Landras

Een landras is een dynamische populatie van planten of dieren, die door menselijk ingrijpen zonder noemenswaardige selectie ter plaatse in stand wordt gehouden en zich door de jaren heen heeft aangepast aan de groei- of leefomgeving. Dit in tegenstelling tot een ecotype, dat niet door menselijk ingrijpen in stand wordt gehouden. Een landras verschilt van een ras doordat een ras ontstaan is uit een door de mens bewust gemaakte kruising en uniform van samenstelling is.

Door de meestal bredere genetische samenstelling kan een landras zich beter aanpassen aan veranderende omstandigheden. Er zijn echter ook landrassen met een smalle genetische samenstelling.

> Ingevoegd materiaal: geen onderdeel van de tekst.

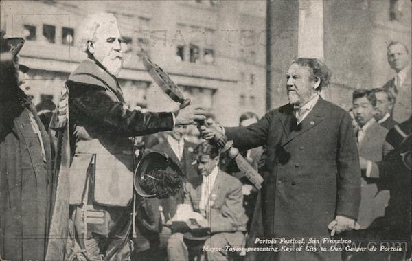 Front: TBI (P: Portola Festival, San Francisco Mayor Taylopresenting Key of City to Don Gaspar de Portola Back: nr Place Stamp Here POST CARD DOMESTIC 1c FOREIGN 2c Message Address PUBLISHED BY PACIFIC NOVELTY CO , SAN FRANCISCO 6 d
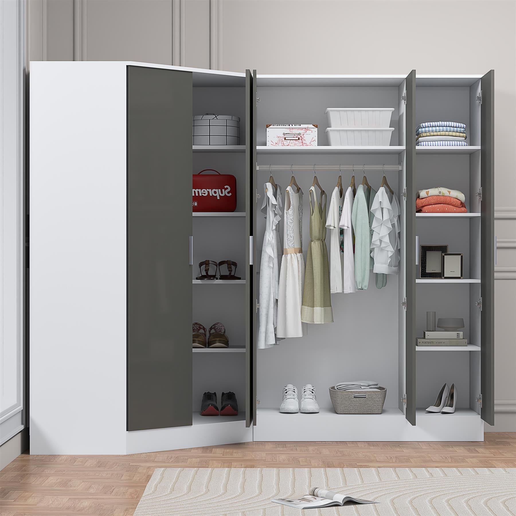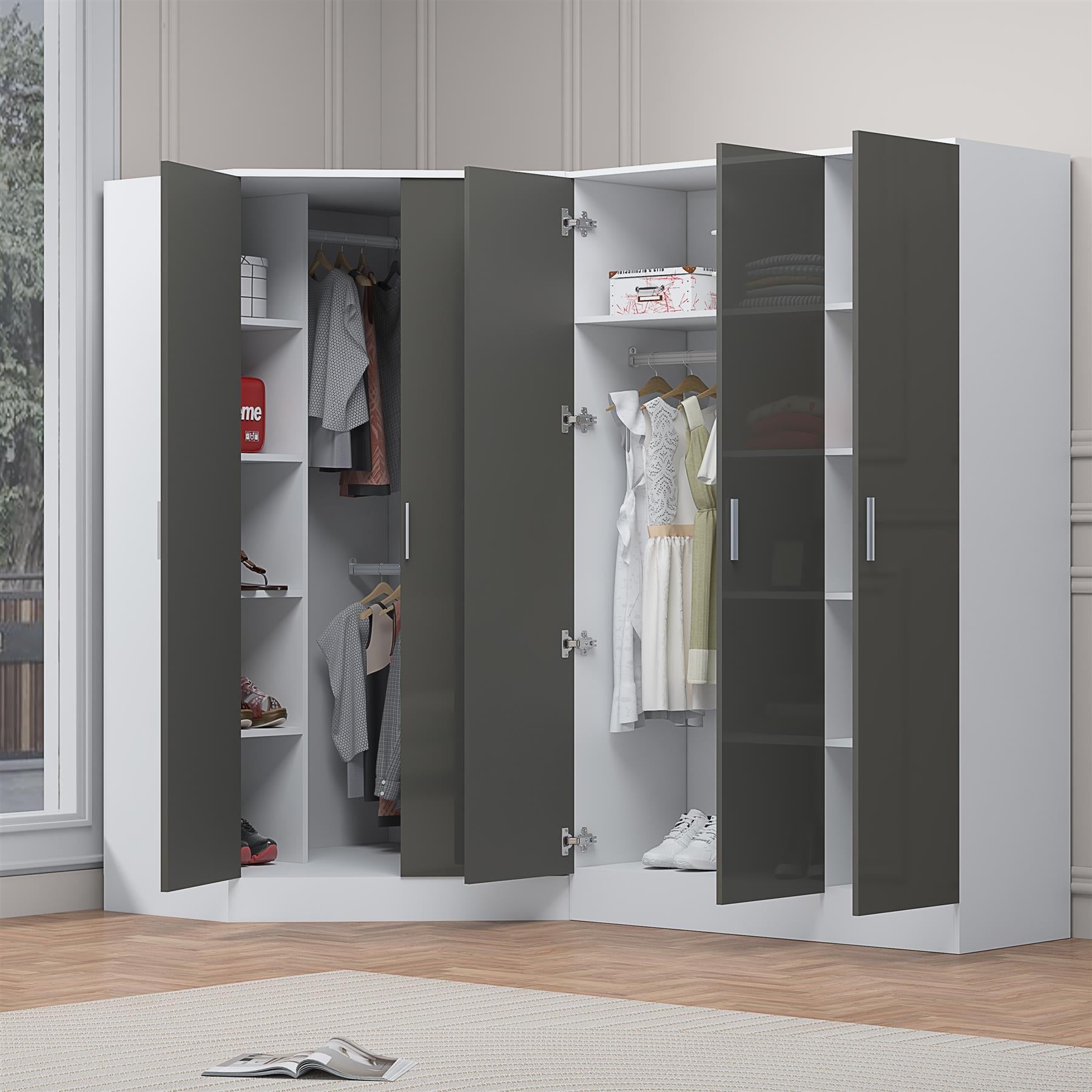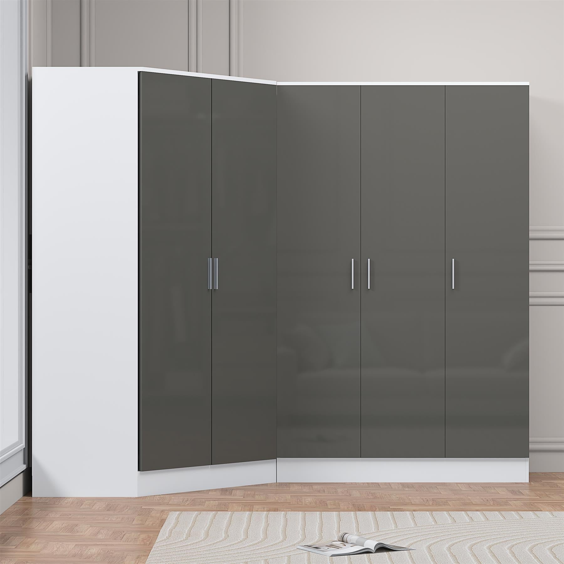 Reflect 2pc Wardrobe Bundle - 2 Door Corner + 3 Door Plain - Grey Gloss & Matt White - H: 180cm x W: 179cm x D: 103cm

Landrassen werden in Nederland algemeen verbouwd tot het begin van de twintigste eeuw. Hierna kwam de plantenveredeling op, waarbij gerichte kruisingen tussen landrassen gemaakt werden en een sterke selectie plaatsvond van planten uit de nakomelingen van de kruising. Ook werden nieuwe rassen ontwikkeld op basis van selectie van één of beperkt aantal planten uit een landras. Deze nieuwe rassen hebben de landrassen geleidelijk verdrongen doordat ze o.a. een hogere opbrengst gaven.

Rond 1870 werden van tarwe in Nederland de twee landrassen Zeeuwse tarwe en Gelderse tarwe (Gelderse rode) met goede bakeigenschappen veel geteeld. Hierna kwamen de Engelse landrassen Essex en Squarehead (Rode Dikkop) in Nederland in opgang. Essex verving de Zeeuwse en Squarhead de Gelderse. Later zijn deze op hun beurt vervangen door rassen.

Voedergewassen

[bewerken | brontekst bewerken]

Westerwolds raaigras: Westerwolds raaigras landras.
Westerwolds raaigras is in Westerwolde uit Italiaans raaigras geselecteerd. Blijhamster boeren kregen vermoedelijk zaad van Italiaans raaigras van de toenmalige burgemeester Borgesius van Oude-Pekela (1860-1880). Hiervan werd al in het jaar van uitzaai zaad gewonnen en zo werd geselecteerd naar het 1-jarige type. De Winschoter tuinders kochten het zaad van de boeren en verhandelde dat onder de naam Westerwolds raaigras.

Klaver: Fries-Groninger witte klaver, Rode Maasklaver, Gendringse rode klaver, Roosendaalsche roode klaver, Brabantsche roode klaver en Groninger rode klaver.

Spurrie: Inlandse gewone spurrie, Hongaarse gewone spurrie, Deensche gewone spurrie, Inlandse reuzenspurrie, Hongaarsche reuzenspurrie.

Boterzaad of zomerraapzaad: Inlandsch boterzaad.

Boekweit: Inlandsche boekweit.

Andere landrassen

[bewerken | brontekst bewerken]
  • Groninger wintergerst,
  • Zeeuwsche winterrogge,
  • Ottersumse winterrogge,
  • Aaltertroshaver,
  • Zwarte presidenthaver in de veenkoloniën verbouwd,
  • Spaansche tarwe of duivenmaïs is een landras van korrelmaïs en werd in Westbrabant verbouwd,
  • Groninger blauwpeul, een kapucijner erwt,
  • Limburgse gele voedererwt,
  • Boerengrauw, in Utrecht verbouwde voedererwt,
  • Oldamster paardeboon,
  • Limburgsche paardeboon,
  • Walchersche witte boon,
  • Fries witbloei vlas,
  • Spaansch kanariezaad,
  • Friesch kanariezaad,
  • Noord-Hollansche karwij,
  • Zeeuwse bruine ui,
  • Rijnsburger ui,
  • Noord-Hollandsche stroogele ui,
  • Buggenumsche lange gele voederbiet,
  • Friesch landras, een koolraap,
  • Wessemer stoppelpeen,
  • Nederweerter stoppelpeen,
  • Overijselsche halflange, een stoppelknol,
  • Nijmeegse lange, een stoppelknol,
  • Inlandsche serradella,
  • Inlandsche zandwikken,
  • Inlandsche voederwikken,
  • Inlandsche bittere gele lupine.

Bij varkens komen nog landrassen voor. In Nederland wordt nu nog gekruist met het Nederlands Landras en het Fins Landras voor het vermeerderen van vleesvarkens. Ook bij onder andere schapen en kippen komen landrassen voor.